I’ve been ten for almost one week. You know what my birthday is? February twenty-eighth. My mother says I was born right before midnight, so if I came out a few minutes later, three out of every four years, I wouldn’t have a birthday.
Wow, I’m glad you got in there just under the wire. Happy birthday, then, Monica.
Thank you, sir.
And Maki, she’s your mother?
No. Maki’s isn’t anybody’s mother. My mom is at her job. She works in a factory.
Really? What kind of factory?
They make vests for the soldiers in Iraq that bullets can’t go through, you know what I mean?

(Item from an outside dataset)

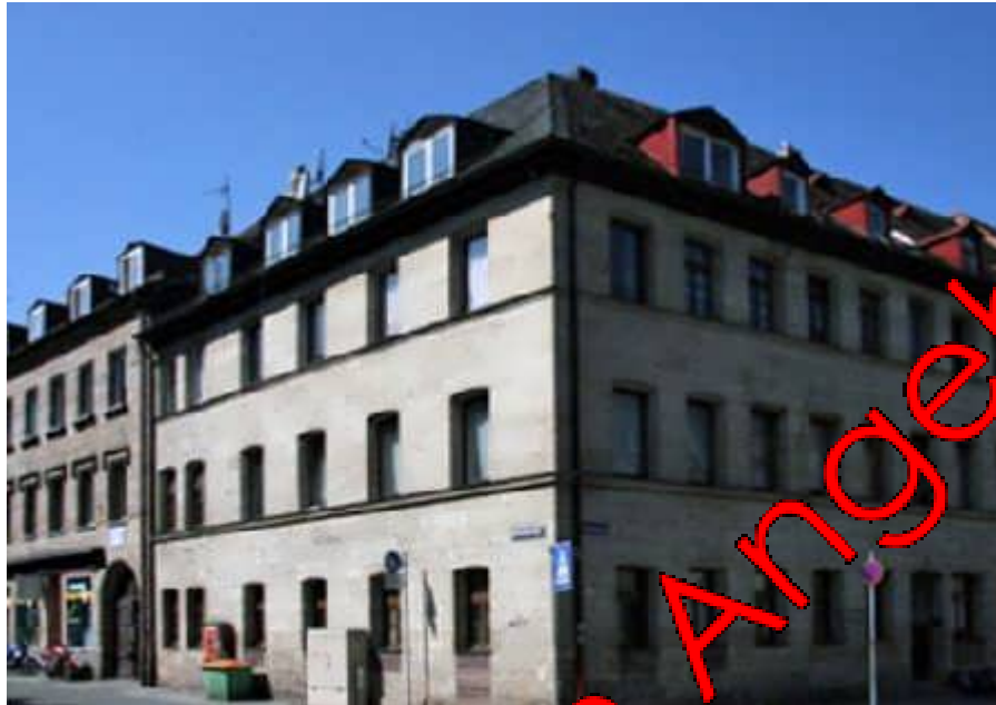
Vor der Sanierung

Bulletproof vests, sure. For US soldiers in Iraq?
Yes, that’s right. When you see the soldiers on TV wearing their bulletproof vests, my mom made them. Not just my mom, a lot of other people work there. Everyone else here works in the fish houses.
Oh sure, I say, the fish-processing houses. What about your dad? Does he work in the fish houses too?
My dad? I don’t even know who he is. I mean, I’ve never met him. Presumably he’s somewhere in this country, but he’s not here in New Bedford.
Presumably?
Yes, sir, presumably. He wouldn’t go back to Guatemala unless he gets deported. That’s what my mom says.